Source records

-- Opening Marker --

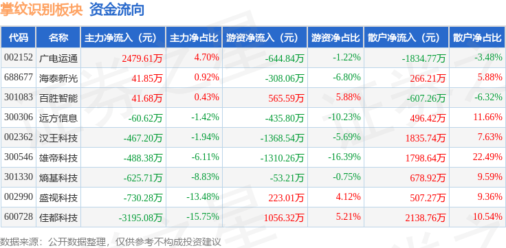 从资金流向上来看,当日掌纹识别板块主力资金净流出3004.14万元,游资资金净流出2275.78万元,散户资金净流入5279.92万元。掌纹识别板块个股资金流向见下表:
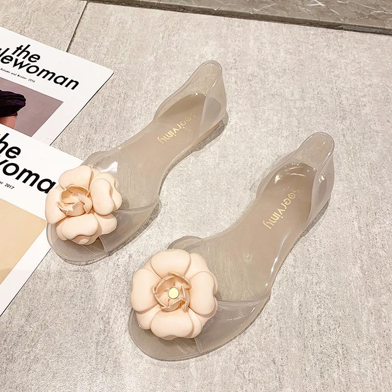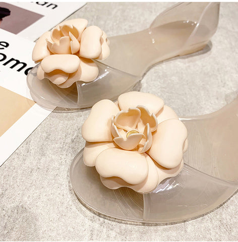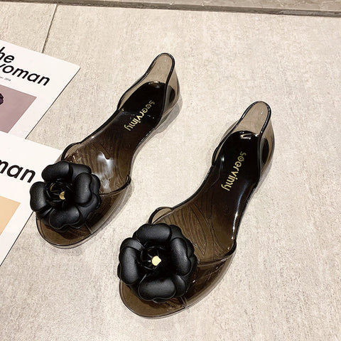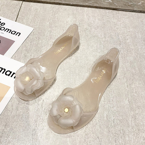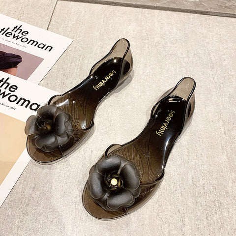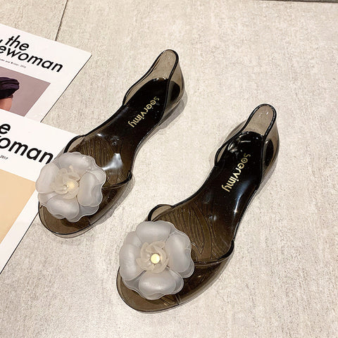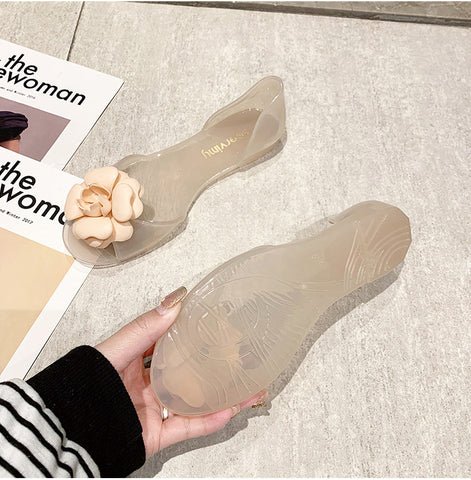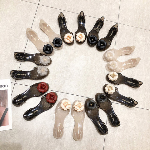 Summer Beach Shoes Fat Transparent Candy Color Flower Sandals
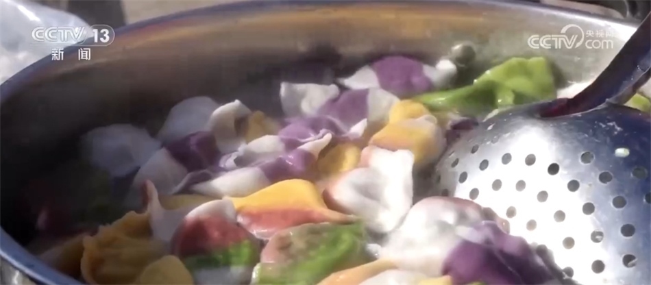 在山東慶云縣的東辛店鎮(zhèn)大集上,菊花餡兒的水餃吸引了不少游客駐足品嘗。
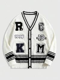 Herren Buchstaben Jacquard Strickjacke, Retro Streetwear
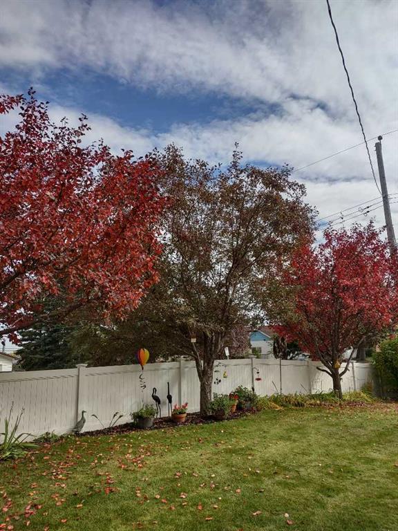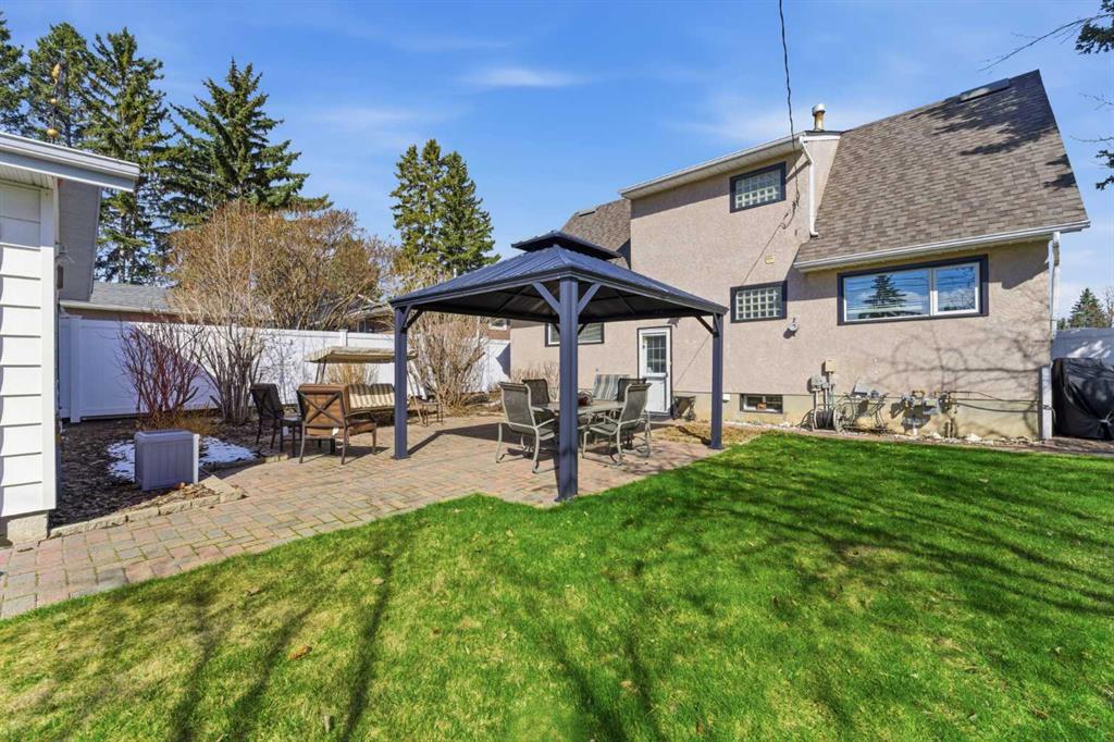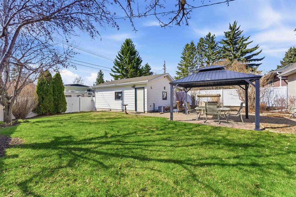 Outside, enjoy the thoughtfully landscaped yard with mature trees, a brick patio, and a new vinyl fence—perfect for relaxing or entertaining in your private outdoor space. The exposed aggregate walkway adds to the home’s curb appeal, while the double detached garage provides ample parking and storage.
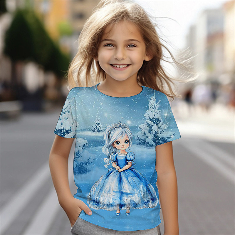 Girls' 3D Graphic Cartoon Snowflake T shirt Tee Short Sleeve Summer Spring Fashion Basic Kids 4-12 Years Crew Neck Outdoor Casual Daily Regular Fit
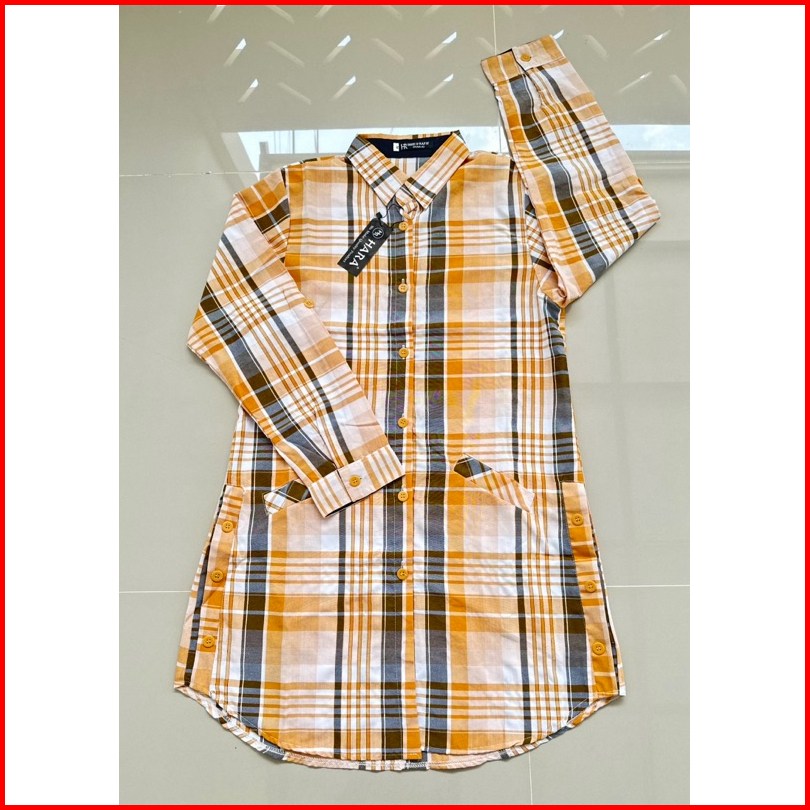 Tunik Hara Motif Salur Saku Bawah Katun Tebal
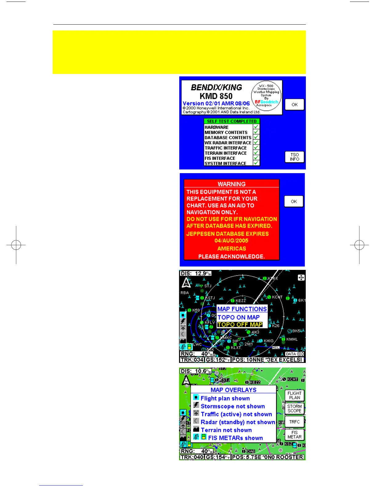 BENDIXKing KMD 550 - Startup Display; Pop-Up Help Displays
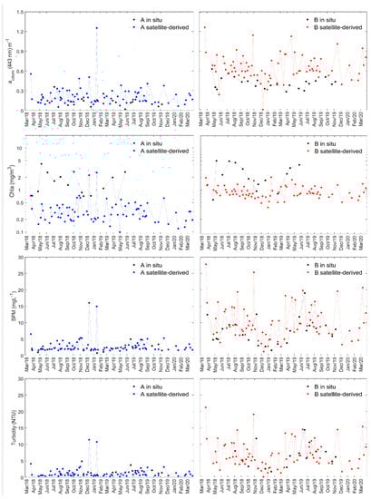Figure 7 and Figure 8 show the time-series of the different parameters considering the spatially averaged observations. From a visual inspection, it is hard to observe a clear seasonal variability of any of the selected parameters in area A. Moreover, region B presents a greater amplitude (over a short time, due to tidal variability) of values in respect to region A, which remains relatively constant. This might lead to bigger uncertainties associated with satellite-derived products over region B due to higher optical variability and greater interaction between the optically active compounds. Therefore, a worse performance of the bio-optical algorithms is expected. Moreover, the greater amplitude of values will lead to difficulties in detecting WQ anomalies without a consistent climatological record of the area of interest. On the other hand, S2-MSI time-series may allow us to better understand the short-term variability which would be highly laborious through in situ observation.
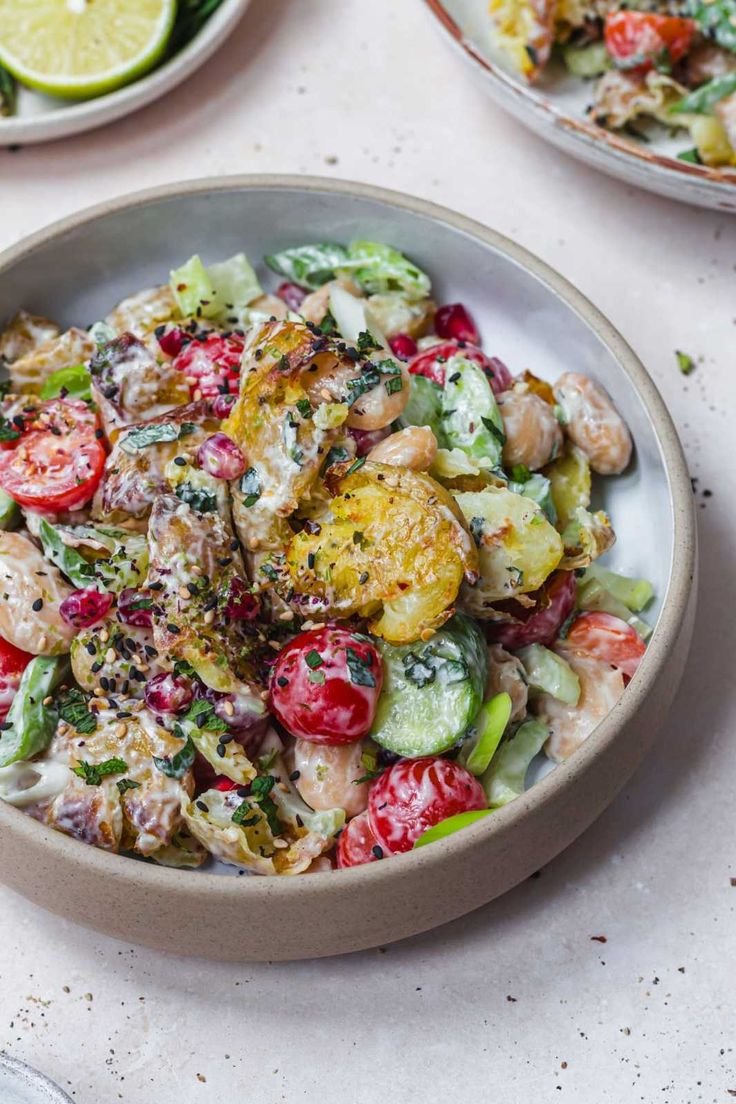 This Vegan Smashed Potato Bean Salad with Tahini Yogurt is a hearty, nourishing, and flavor-packed dish. Crispy roasted smashed potatoes are combined with protein-rich beans, crunchy fresh vegetables, and fragrant herbs, then coated in a creamy tahini–vegan yogurt dressing.
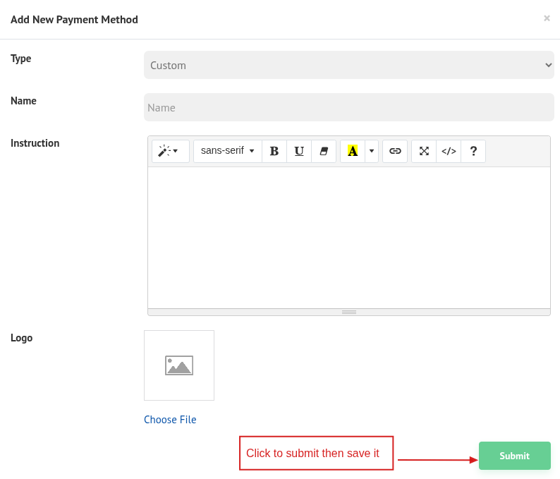 Then after filling in all fields, click Submit to save the method. Don't forget to fill out instructions about these methods.
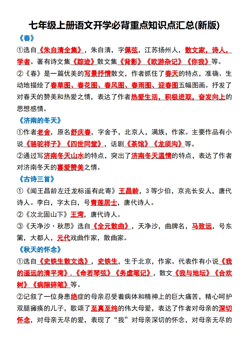 七年级(上)语文开学必背重点知识点汇总新版

-- Closing Marker --

* ASSIGNED TASK *
Leaving out every picture, repeat exactly the lines of the records from the start through the line that has "Girls' 3D Graphic".

* THE ANSWER *
 从资金流向上来看,当日掌纹识别板块主力资金净流出3004.14万元,游资资金净流出2275.78万元,散户资金净流入5279.92万元。掌纹识别板块个股资金流向见下表:
 Summer Beach Shoes Fat Transparent Candy Color Flower Sandals
 在山東慶云縣的東辛店鎮(zhèn)大集上,菊花餡兒的水餃吸引了不少游客駐足品嘗。
 Herren Buchstaben Jacquard Strickjacke, Retro Streetwear
 Outside, enjoy the thoughtfully landscaped yard with mature trees, a brick patio, and a new vinyl fence—perfect for relaxing or entertaining in your private outdoor space. The exposed aggregate walkway adds to the home’s curb appeal, while the double detached garage provides ample parking and storage.
 Girls' 3D Graphic Cartoon Snowflake T shirt Tee Short Sleeve Summer Spring Fashion Basic Kids 4-12 Years Crew Neck Outdoor Casual Daily Regular Fit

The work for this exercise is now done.